═══ RECORDED DATA
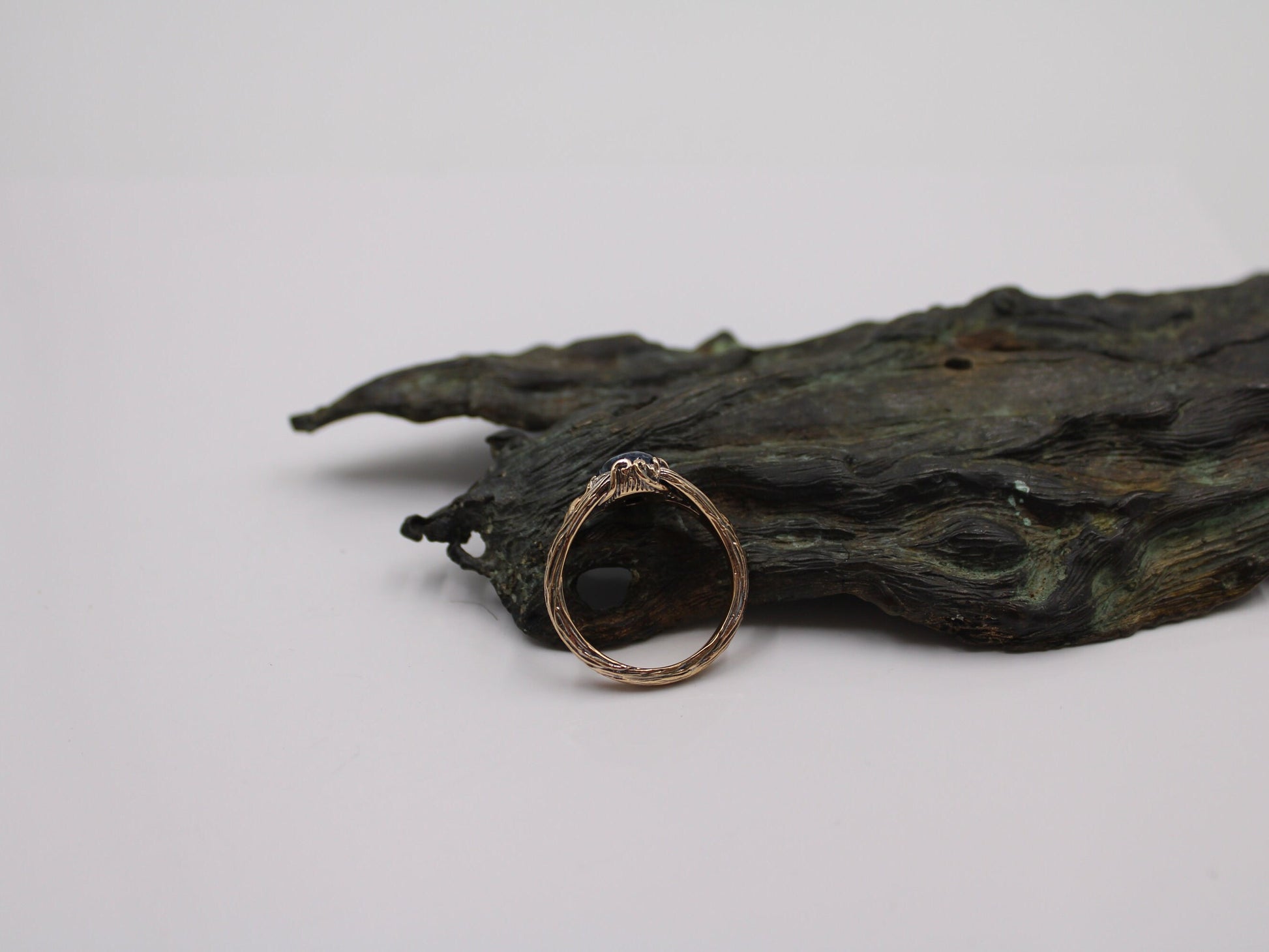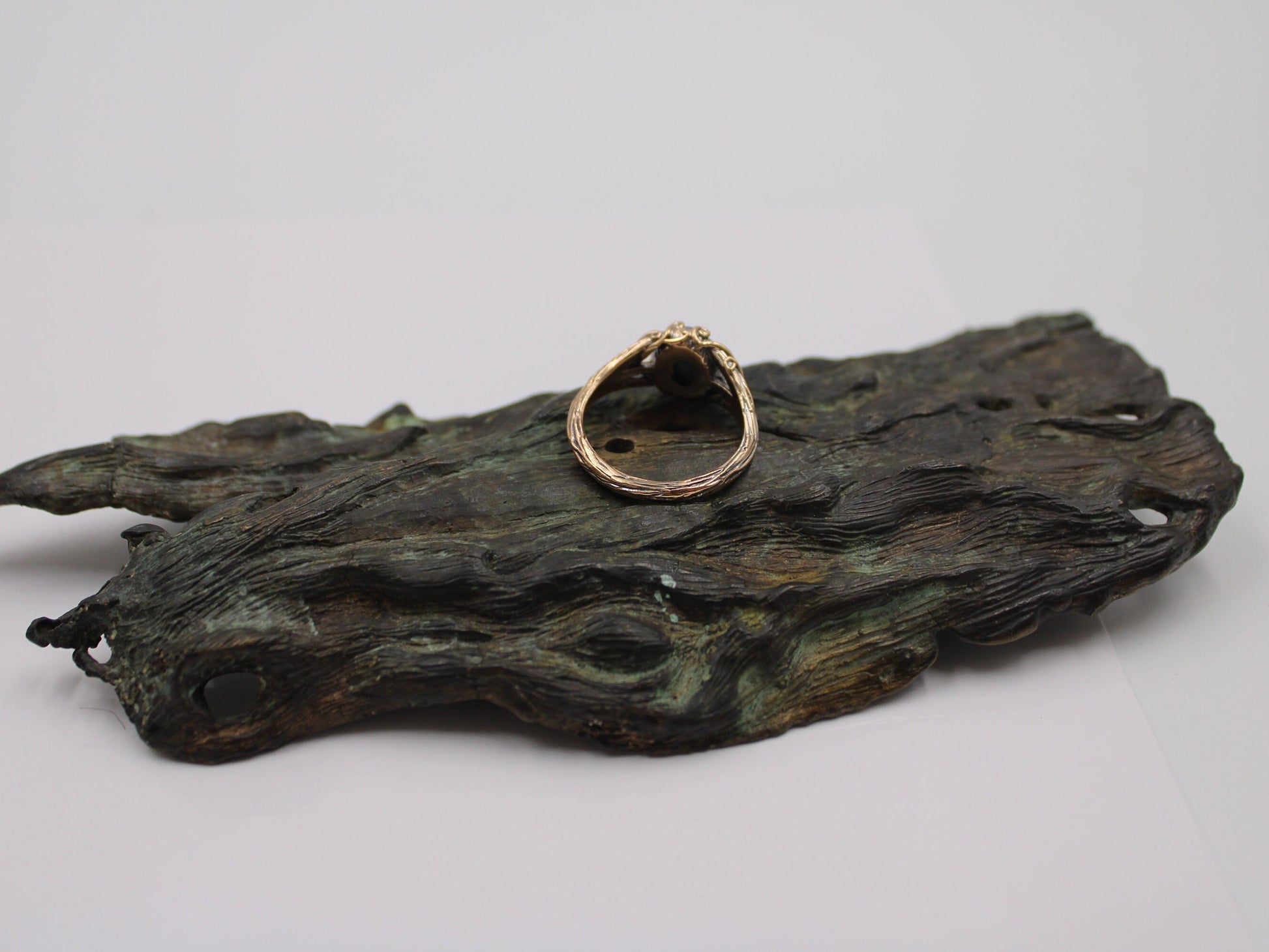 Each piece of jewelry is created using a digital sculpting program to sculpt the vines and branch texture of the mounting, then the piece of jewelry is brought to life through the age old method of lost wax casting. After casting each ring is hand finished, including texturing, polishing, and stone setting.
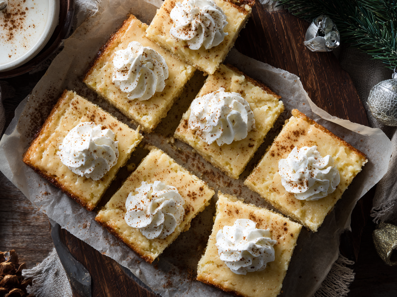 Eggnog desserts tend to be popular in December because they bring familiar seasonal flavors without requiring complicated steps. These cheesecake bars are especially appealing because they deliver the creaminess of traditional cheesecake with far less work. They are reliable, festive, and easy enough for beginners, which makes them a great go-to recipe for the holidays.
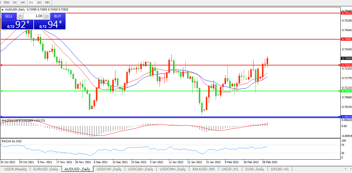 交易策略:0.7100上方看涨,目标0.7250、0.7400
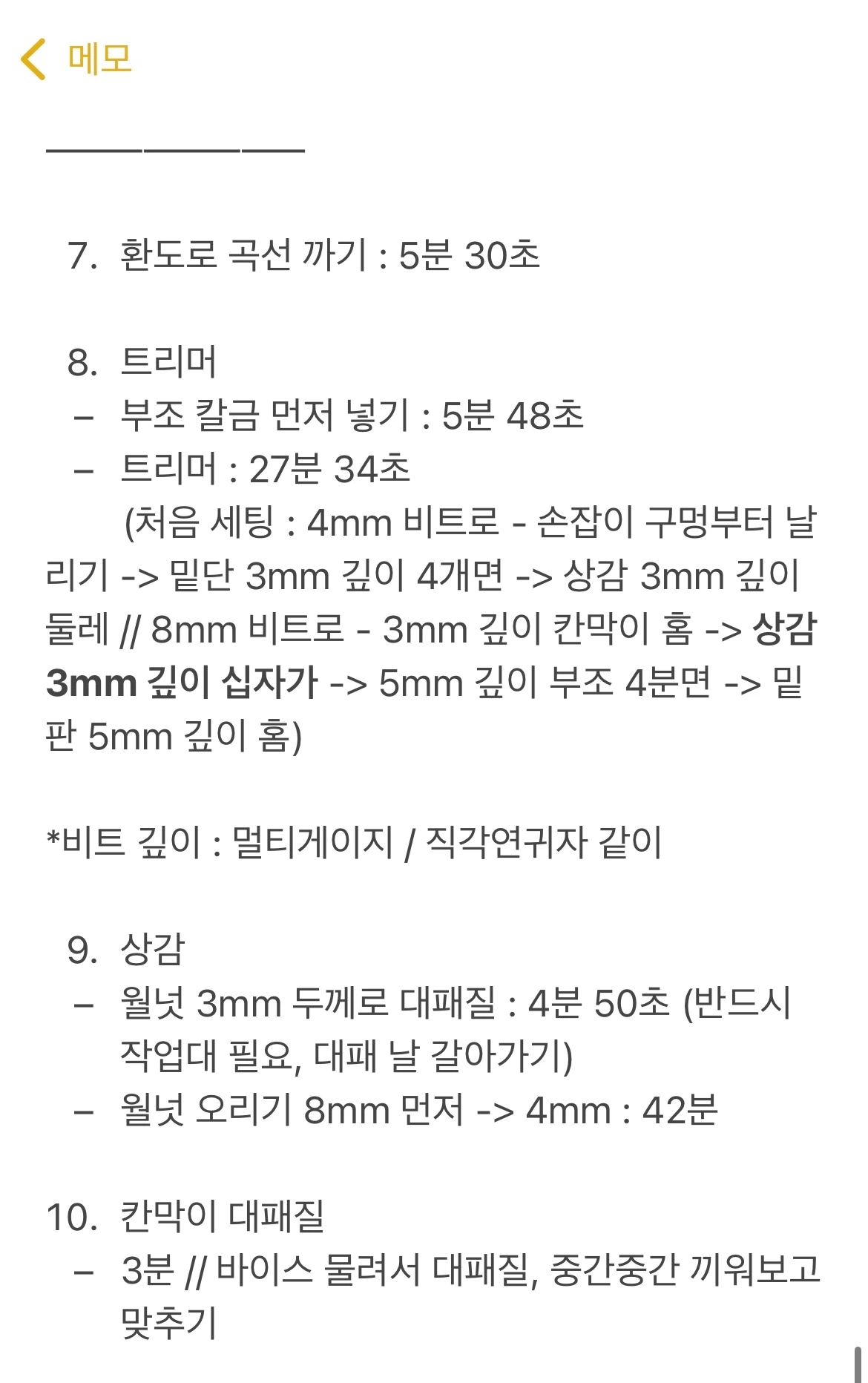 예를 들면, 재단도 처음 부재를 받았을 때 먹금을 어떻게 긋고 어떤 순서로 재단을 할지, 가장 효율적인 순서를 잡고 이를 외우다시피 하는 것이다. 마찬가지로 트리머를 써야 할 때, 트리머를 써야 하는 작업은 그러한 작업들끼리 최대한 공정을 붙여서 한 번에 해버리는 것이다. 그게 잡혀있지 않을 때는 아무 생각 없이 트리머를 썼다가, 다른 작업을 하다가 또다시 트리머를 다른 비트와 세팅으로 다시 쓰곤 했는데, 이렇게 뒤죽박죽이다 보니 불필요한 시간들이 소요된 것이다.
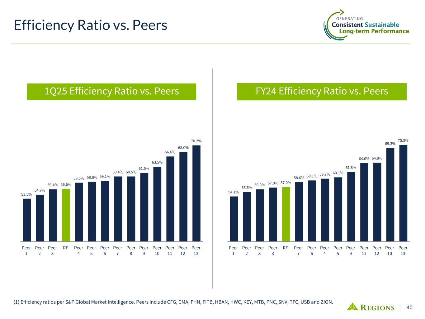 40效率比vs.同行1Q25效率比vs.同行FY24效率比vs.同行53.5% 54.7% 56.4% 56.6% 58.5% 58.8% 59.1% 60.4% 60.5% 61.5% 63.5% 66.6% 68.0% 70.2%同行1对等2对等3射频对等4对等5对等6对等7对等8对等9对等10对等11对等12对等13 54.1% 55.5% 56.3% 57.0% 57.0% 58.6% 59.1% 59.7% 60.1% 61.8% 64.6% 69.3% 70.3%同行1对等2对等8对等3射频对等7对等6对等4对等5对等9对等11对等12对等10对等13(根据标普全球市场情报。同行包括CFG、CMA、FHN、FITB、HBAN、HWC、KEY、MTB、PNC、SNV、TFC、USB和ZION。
══════
### YOUR TASK
Write out, word for word, the line containing "예를 들면, 재단도 처음" and each line after it to the end of the data, and nothing more. Drop the pictures.

### EXERCISE OUTPUT
 예를 들면, 재단도 처음 부재를 받았을 때 먹금을 어떻게 긋고 어떤 순서로 재단을 할지, 가장 효율적인 순서를 잡고 이를 외우다시피 하는 것이다. 마찬가지로 트리머를 써야 할 때, 트리머를 써야 하는 작업은 그러한 작업들끼리 최대한 공정을 붙여서 한 번에 해버리는 것이다. 그게 잡혀있지 않을 때는 아무 생각 없이 트리머를 썼다가, 다른 작업을 하다가 또다시 트리머를 다른 비트와 세팅으로 다시 쓰곤 했는데, 이렇게 뒤죽박죽이다 보니 불필요한 시간들이 소요된 것이다.
 40效率比vs.同行1Q25效率比vs.同行FY24效率比vs.同行53.5% 54.7% 56.4% 56.6% 58.5% 58.8% 59.1% 60.4% 60.5% 61.5% 63.5% 66.6% 68.0% 70.2%同行1对等2对等3射频对等4对等5对等6对等7对等8对等9对等10对等11对等12对等13 54.1% 55.5% 56.3% 57.0% 57.0% 58.6% 59.1% 59.7% 60.1% 61.8% 64.6% 69.3% 70.3%同行1对等2对等8对等3射频对等7对等6对等4对等5对等9对等11对等12对等10对等13(根据标普全球市场情报。同行包括CFG、CMA、FHN、FITB、HBAN、HWC、KEY、MTB、PNC、SNV、TFC、USB和ZION。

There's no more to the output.